Следовало, конечно, попытаться вырваться из этого заколдованного круга. Но она понимала: уже по своему рождению она принадлежит к касте отверженных и ни у кого не найдет ни защиты, ни помощи. Кто она такая — дочь "шоферюги" и "торгашки"? Будь она хоть семи пядей во лбу, кому она нужна?..
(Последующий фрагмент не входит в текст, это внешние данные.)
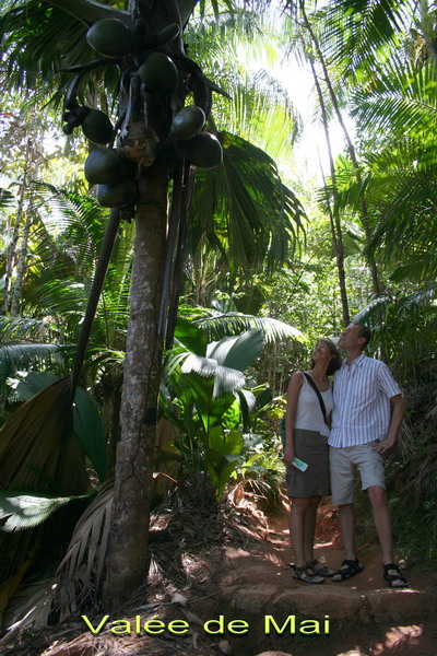 Valée-de-Mai is one of these places, that every visitor to Praslin has to go to. Off course it is a natural park, and off course the entrance fee of about $20 needs to be paid in anything but seychellois money. But it is a very nice walk through a tropical forest with impressive trees and plants. The highlight of course is the Coco-de-Mer palm trees with their unusual and huge nut. A tree that only grows in Valée-de-Mai and on the neighboring island of Curieuse.

Сдав последний экзамен, Лена пришла домой. Отец в этот день не работал. Он сидел за кухонным столом, осыпанным пеплом сигарет, кислой капустой и хлебными крошками, и поводил вокруг налитыми кровью глазами.

Как все постыло! Лена прошла в свою комнату, разделась, легла на кровать и пролежала весь оставшийся день. Поздно вечером, когда вернулась с работы мама, отец уже спал. Мать заглянула в ее комнатушку:

— Спишь, дочка?

— Нет.

— Как экзамен, сдала?

— По математике — сдала, четверка. По русскому — пять, по литературе — четыре.

— Ну, хорошо, слава богу. Отдыхай, дочка…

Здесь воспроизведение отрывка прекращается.